I am preparing a descriptive "schema" (quelle horreur) for MongoDB, with which I worked.
I used the excellent variant.js to create a list of all the keys and show the coverage of each key. However, in cases where the values ​​corresponding to the keys have a small set of values, I would like to be able to list the entire set as "available values". In R, I would consider them as “factors” for a categorical variable, i.e. Gender: ["M", "F"].
I know that I can just use R + RMongo, query each variable and basically do the same procedure that I would like to create a histogram, but I would like to know a suitable Mongo.query () / javascript / Map, Reduce way to approach to this. I understand that the db.collection.aggregate () functions are just for that.

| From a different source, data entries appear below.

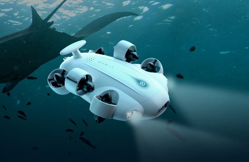 Компания Qysea представила один из последних и наиболее оснащенных подводных дронов — Fifish V-EVO. Действия подводного дрона V-EVO контролируется оператором на поверхности с помощью кабеля связи. Используя портативный контроллер, подключенный к тросу, пользователь передает команды дрону, просматривая видео в реальном времени с помощью камер, используя специальное приложение на смартфоне. Длина троса составляет 100 метров, также это максимальная глубина погружения дрона. Он оснащен камерой с широкоугольным объективом с углом обзора 166 градусов. Максимальное разрешение составляет 4K/60 кадров в секунду. В глубоких темных водах камере помогают два направленных вперед светодиодных прожектора мощностью 5 000 люмен. Программное обеспечение для улучшения изображения на основе искусственного интеллекта также помогает получать изображения высокого качества и отфильтровывать планктон и другие взвешенные частицы. Отснятый материал записывается на встроенную карту памяти объемом 64 Гб. К порту н
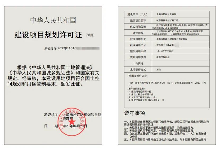 日前,记者从松江区规划资源局获悉,作为松江区重大工程项目的城市科技学校扩建工程从前期立项到成功获得由松江区规划资源局核发的《建设项目规划许可证》,前后不到半个月时间。
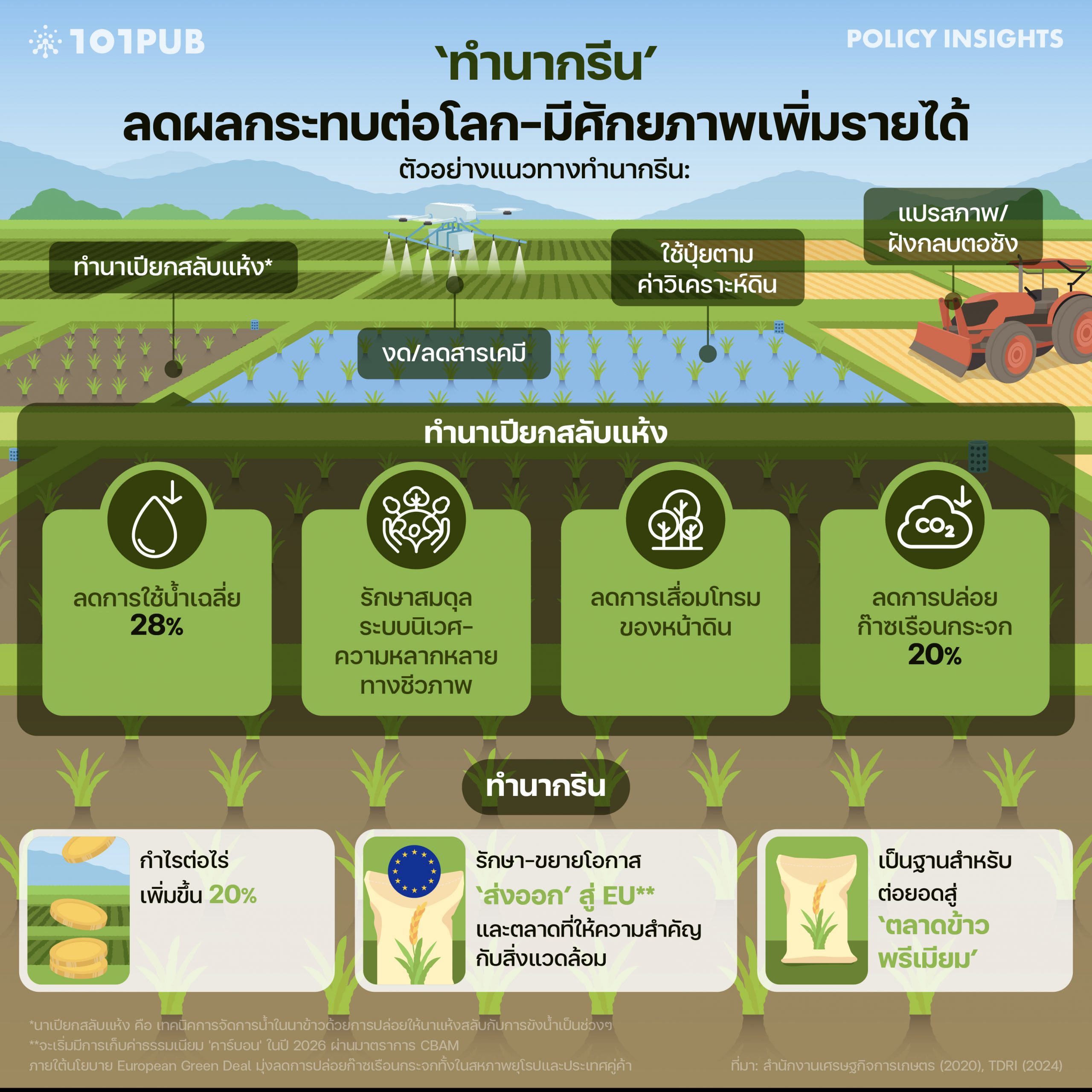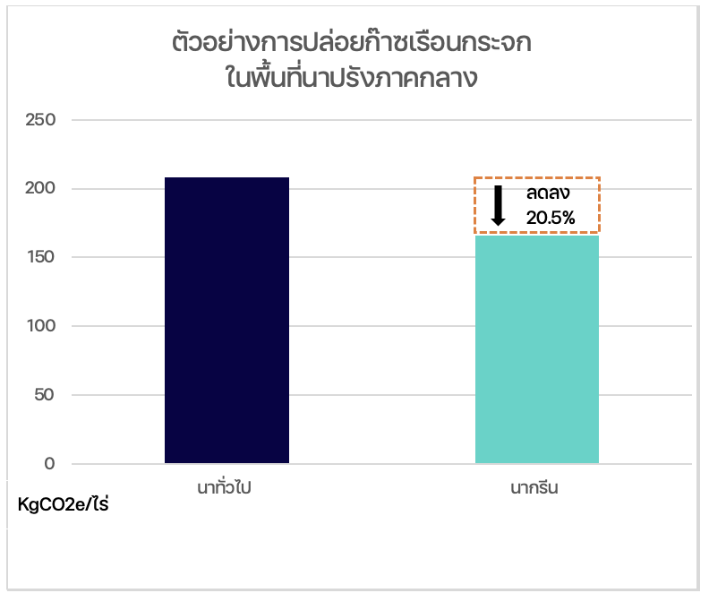 การทำนากรีนนั้นจะช่วยลดการปนเปื้อนของสารเคมีและรักษาความสมดุลของระบบนิเวศ ส่งผลให้ข้าวมีความทนทานแข็งแรงมากขึ้นและนำมาสู่เพิ่มผลผลิตต่อไร่ ด้วยการใช้วิธีทำนาแบบเปียกสลับแห้งยังทำให้ชาวนาสามารถลดการใช้น้ำได้ถึงร้อยละ 28 และลดการปล่อยมีเทนถึงร้อยละ 48[14]Nipon Poapongsakorn, “Making Exports for a Low-Carbon Era,” Thailand Development Research Institute (TDRI), Last modified April 1, 2024, https://tdri.or.th/en/2024/04/making-exports-for-a-low-carbon-era/
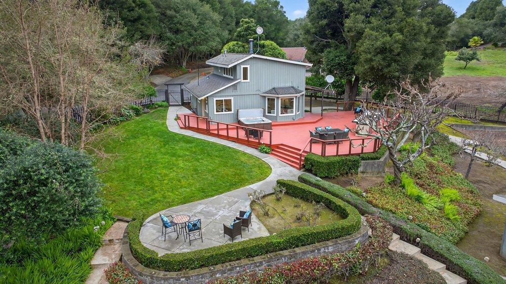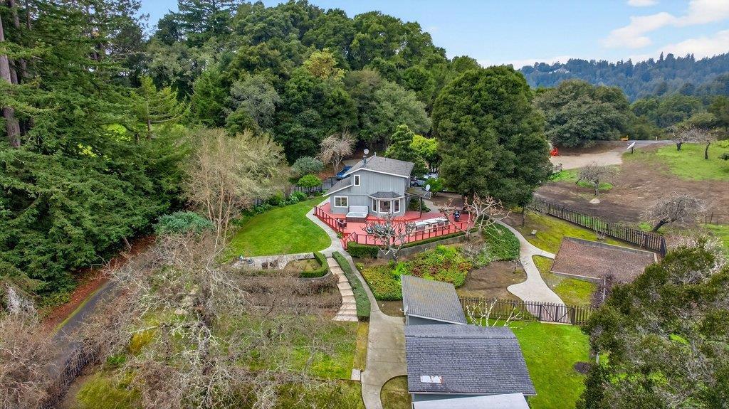 This peaceful mountain home truly feels like a private retreat. Less than 10 minutes to Aptos village and up a shared driveway with only 1 other property, this cozy and charming home rests on a sunny lot with a large fenced yard and plenty of open land for work and play. The expansive ground level deck looks out over manicured lawns, a private orchard with dozens of fruit trees, extra storage sheds, views of redwood groves and lighted patios and pathways that wind throughout the fenced portion of the property. The land beyond the fence is gently sloping with endless possibilities, plenty of space for future garages, barns or other structures. There is plenty of space for parking and oversized vehicles. The outdoor kitchen and deck are perfect for entertaining and backyard barbecues. Take in the night sky while you soak in your private hot tub. The home itself enjoys abundant sunshine coming through the dual pane windows. Inset lighting brightens the home at night while the wood burning stove keeps you warm in the winters. There is new waterproof flooring, fresh carpet and paint, a tankless water heater, long lasting architectural roofing (new in 2018) and a wheel chair friendly access to the ground floor bedroom and bathroom. This wooded oasis and mountain haven is a must see!
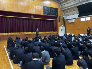 2026年1月30日 2学年 進路講演会 1月30(金)、6限目のLHR時に進路講演会を実施し、株式会社バンズカンパニー代表取締役社長の竹下しんいちさんに登壇していただきました。 舞台の脚本を書かれたり、某有名俳優の付き人をされた経験から、生徒たちがこれからの進路活動を進めていく上で必要な、「やる気の出し方」や「話を聞くことの重要性」など、夢の実現に不可欠なコツや心構えについて熱く語っていただきました。 2学年の生徒たちは、進級後の進路活動を良い形でスタートさせるためのヒントを得ることができました。
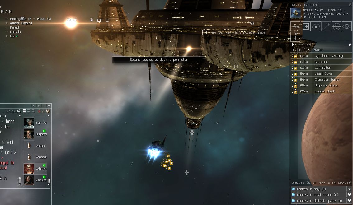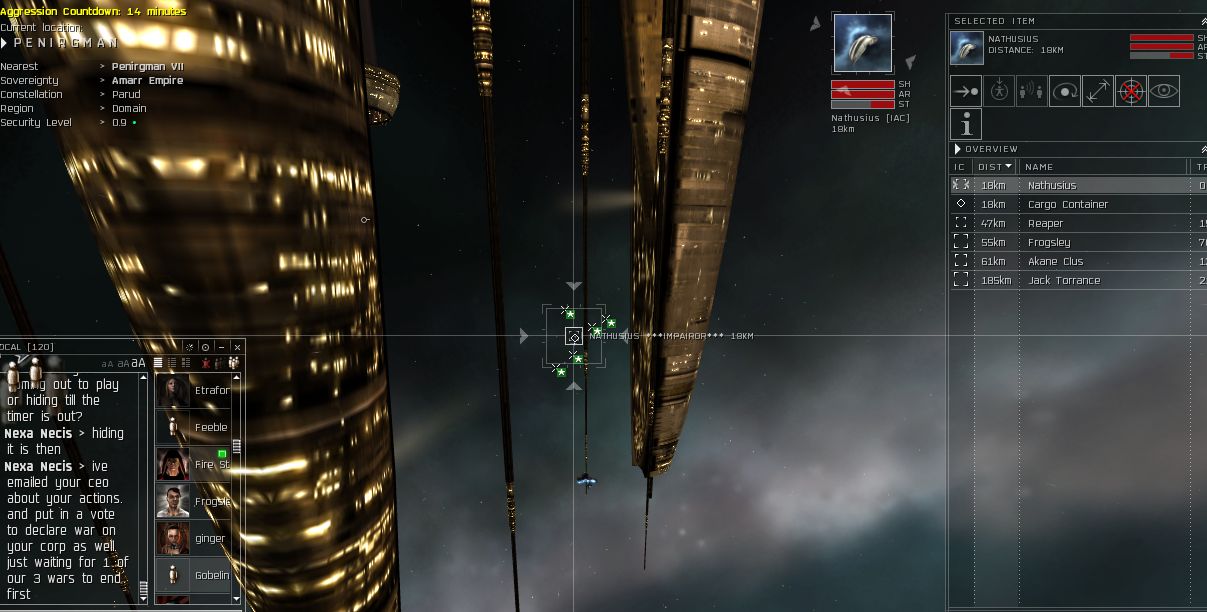After about 20 minutes of Peregrin's posturing, one of Peregrin's senior officers convos me. He is quite rational, respectful and quite aware, "it's only a game". So he is a pleasure to speak to compared to some of the raving lunatics I usually get.

Before asking for this, I indicated:
But he cannot get the correct piping order. So, for example, if I have such documents:
{_id : 1, "key1" : "value1", "key2": "value3"} {_id : 2, "key1" : "value2", "key2": "value3"}
I would like to return something like:
{"key1" : ["value1", "value2"]} {"key2" : ["value3"]}
Or better, with scores:
{"key1" : ["value1" : 1, "value2" : 1]} {"key2" : ["value3" : 2]}
I admit that one of the problems is that these will be any values ​​that have a wide range of different meanings - like text fields or continuous variables. Ideally, if there were more than x different possible values, it would be nice to truncate, say, no more than 20 unique values. If I actually find this more, I would request this variable directly.
This is something like:
db.collection.aggregate( {$limit: 20, $group: { _id: "$??varname", count: {$sum: 1} }})
First, how can I refer to varname? for the name of each key?
I saw this link, on which it was 95%: Combination and tabulation (unique / quantity) in Mongo
with...
input data: { "_id" : 1, "age" : 22.34, "gender" : "f" } { "_id" : 2, "age" : 23.9, "gender" : "f" } { "_id" : 3, "age" : 27.4, "gender" : "f" } { "_id" : 4, "age" : 26.9, "gender" : "m" } { "_id" : 5, "age" : 26, "gender" : "m" }
This script:
db.collection.aggregate( {$project: {gender:1}}, {$group: { _id: "$gender", count: {$sum: 1} }})
It produces:
{"result" : [ {"_id" : "m", "count" : 2}, {"_id" : "f", "count" : 3} ], "ok" : 1 }
But I don’t understand how I could do this in the general case for an unknown number / name of keys with a potentially large number of return values? This sample knows that the key name is gender, and that the set of answers will be small (2 values).